What people said would not register,
Slippers, socks, feet, carpet wet, you see?
Burnt my dinner, coughing & throaty,
Dark Dank Depression Duncan dawned,
Then I tackled a job most risky…
but I couldn’t find it. Nor my mobile!
I’ve no slippers left because I’ve pee’d in them all,
Unfortunately, in the morning, at half-past two,
And with the Carer not putting on the diabetic socks, I walked the stink all over the rooms. I was not up to mopping, but I sprayed all the carpeting with a fabric freshener and the rooms with air spray. I still can’t find the small blue towel. But give me time. I’ve only been looking for it for two weeks. Untidy is the kindest word to describe the flat.
I think this photo might be from another previous day. Cause I can’t recall any prescription medications being delivered. Mind you, later on, when I got a phone call, the lady asked me why I had not attended the meeting with the neurologist at The Ropewalk. I felt silly asking where the Ropewalk was.

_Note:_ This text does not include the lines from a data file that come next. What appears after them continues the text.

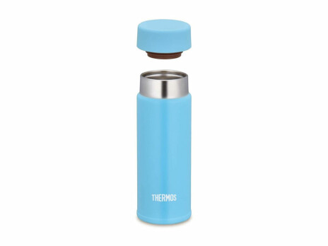 Самый маленький термос в мире – модель THERMOS® JOJ-120. Несмотря на свои малые размеры, термос объёмом 120 мл вмещает в себя 2-3 чашечки эталонного кофе эспрессо, сохраняя насыщенность и вкус классического напитка. Вакуумная изоляция и двойные стенки из пищевой коррозионностойкой стали позволяют длительно поддерживать температуру не только горячих, но и холодных жидкостей, поэтому мини-термос пригодится и в жаркое время года, чтобы освежиться прохладным напитком. Благодаря компактным размерам термос JOJ-120 по праву можно назвать карманным – его высота всего лишь 12,5 см, а диаметр основания – 4,5 см. За счет особых технологий производства THERMOS, внешний объём термоса практически равен внутреннему, а его вес составляет 90 г. Даже заполненный термос не утяжелит самую компактную дамскую сумочку. Одна из главных конструктивных особенностей - горлышко со скруглённым краем для удобства питья. Миниатюрный термос обладает всеми достоинствами своих классических собратьев. Надёжность и герметичность обеспечивает винтовая крышка-пробка с термостойкой силиконовой прокладкой, которая плотно закрывается и защищает от случайных протеканий напитка. За прочность термоса отвечают стальные корпус и колба. Все материалы, используемые в производстве термоса, экологичные, термостойкие, долговечные. Они не выделяют и не поглощают посторонние запахи, не содержат бисфенол-А (BPA free) и безопасны для здоровья. Утончённый внешний вид мини-термоса подчёркивает глянцевое покрытие голубого цвета.
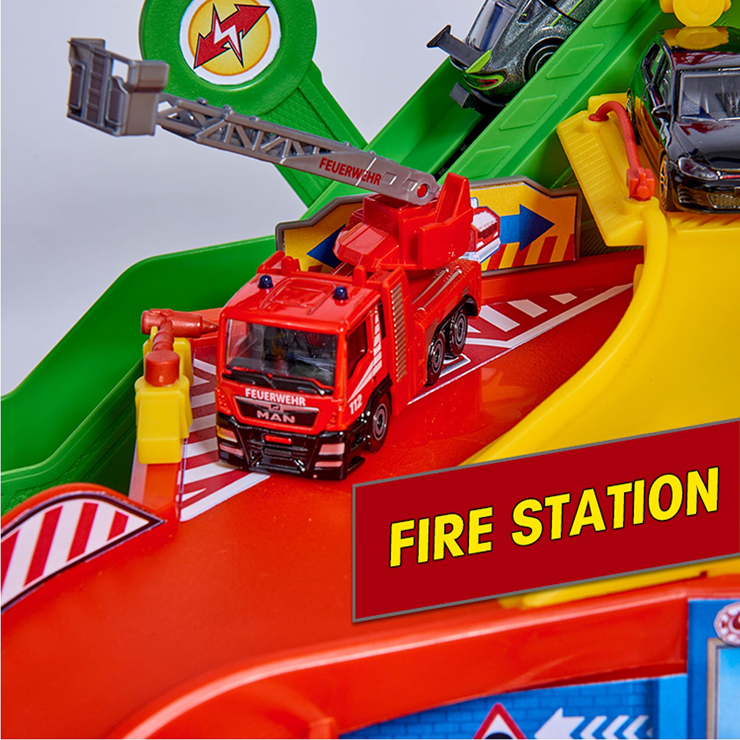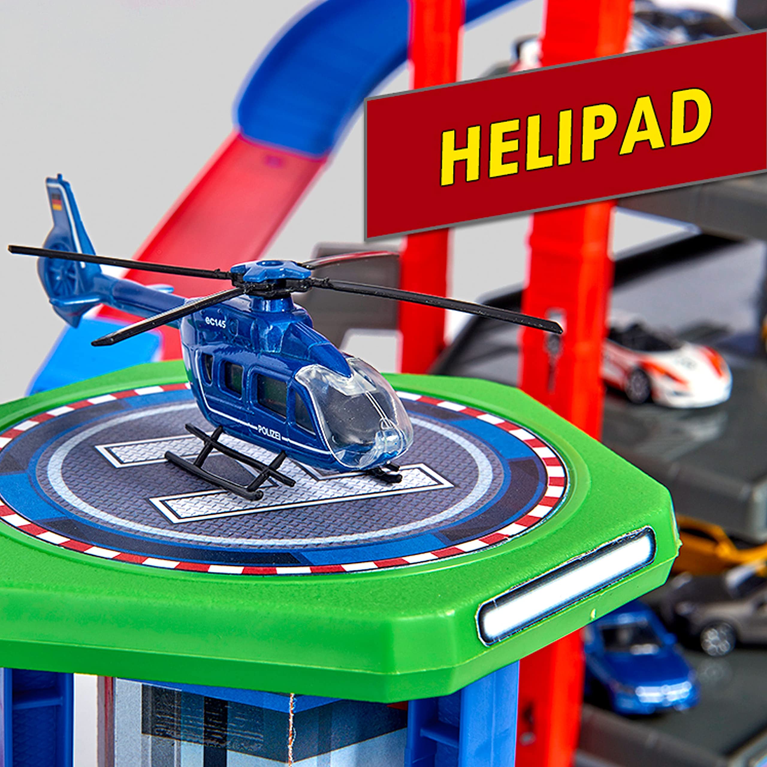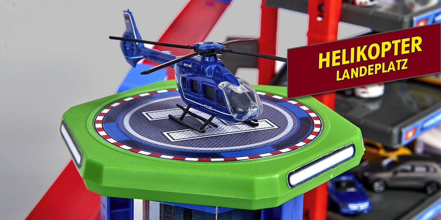 - Includes 6 die-cast toy cars with freewheel function: Audi R8 Coupe, Ford Mustang Police, Ford Mustang GT, Toyota Hilux, Iveco Ambulance, Iveco Fire Brigade
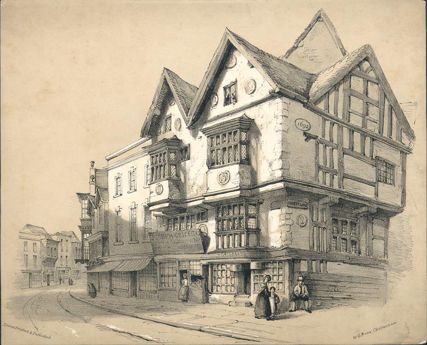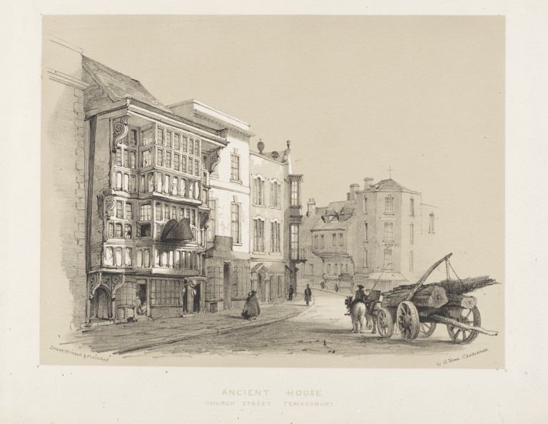 George Rowe drew and printed exceptionally important prints of buildings still present in Tewkesbury. They give us an idea of the importance and condition of these old buildings before photography. That they were subjects at all tells us that some people in the early nineteenth century respected and marvelled at their heritage before it became fashionable. Publishing them widely for the curiosity of a paying public perhaps saved these buildings. We also have Thomas Collins to thank for their physical rescue and restoration and we can conjecture there were many in the town who treasured them. All these buildings were considered 'ancient' even in the 1830's and survivors from undocumented times. These prints are reproduced here but originals can be found in the Tewkesbury Museum in the Victorian Room.
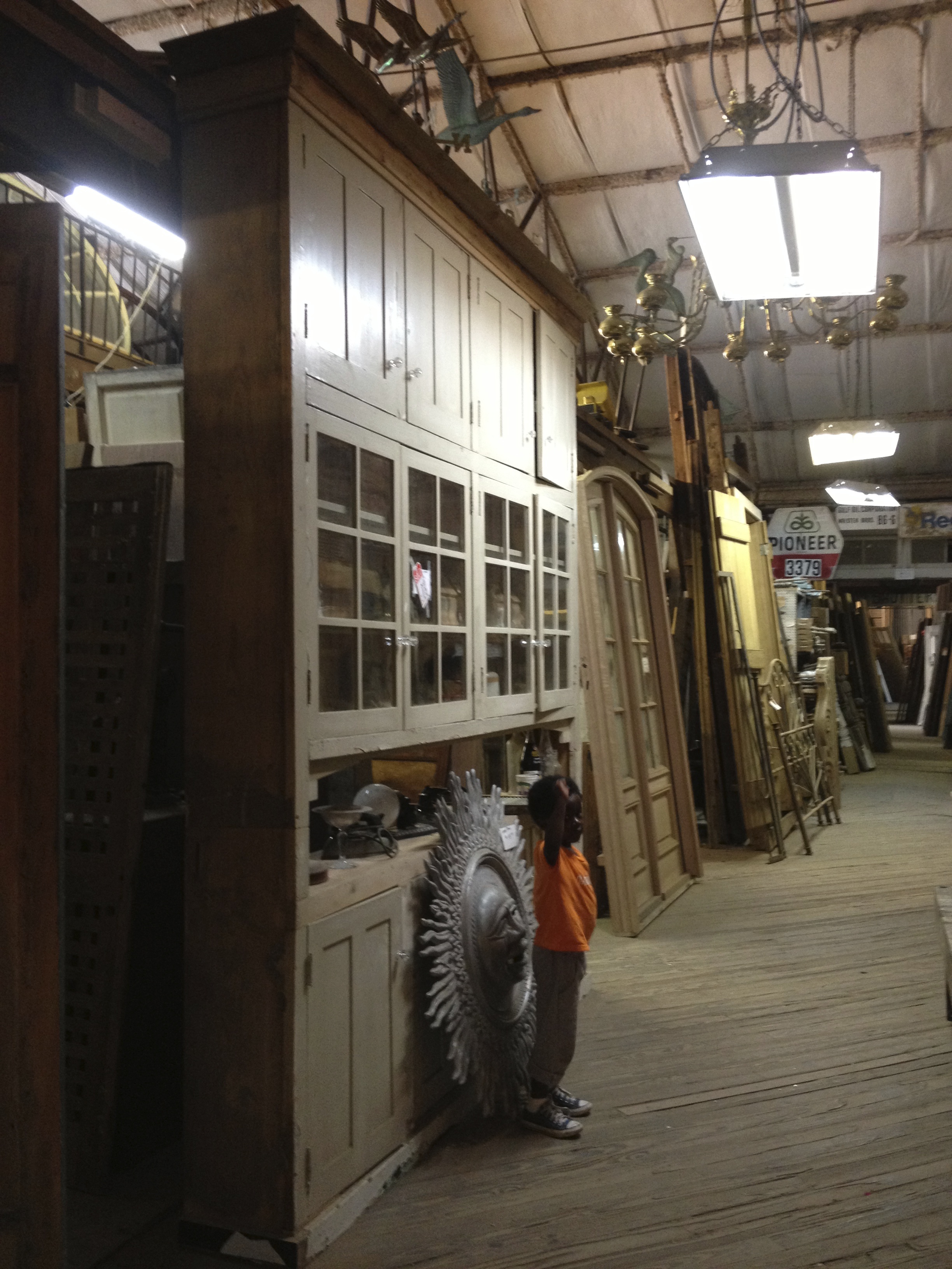 Yesterday, I stopped into Ricca’s, which forever was a mecca of everything worth salvaging from the architecture of New Orleans. Only, after the 2005 Federal Flood a lot of what we have salvaged was destroyed, so only now are there pieces showing up here and there. I went to find out about shutters as I have none on my twelve large windows and we are in the midst of hurricane season. If I had to evacuate, I would have to board up the windows. Then there it was – waaaa waaaa waaaa – calling to me – The cypress cupboard that fits perfectly in my kitchen, which was removed from a kitchen uptown on Robert and St. Charles because the family was upgrading – another woman’s trash, my treasure:

Not sure about this photo either.
Or when this one was taken.
I think these were the right ones.
They are, I’m nearly certain.

Joe started sorting out the junk room one. He got a lot done in half an hour. He went down to collect the laundry from the dryer, pointing out that he’d have to bring it up part-wet because he’d done his time. I asked him to leave it and that I’d fetch it later. “Don’t Forget To!” he said.
Depressed, sick & tired of bothering to do anything, but why, you ask (I hope), I’ll tell and show you…
The food had dried hard & mega-crispy.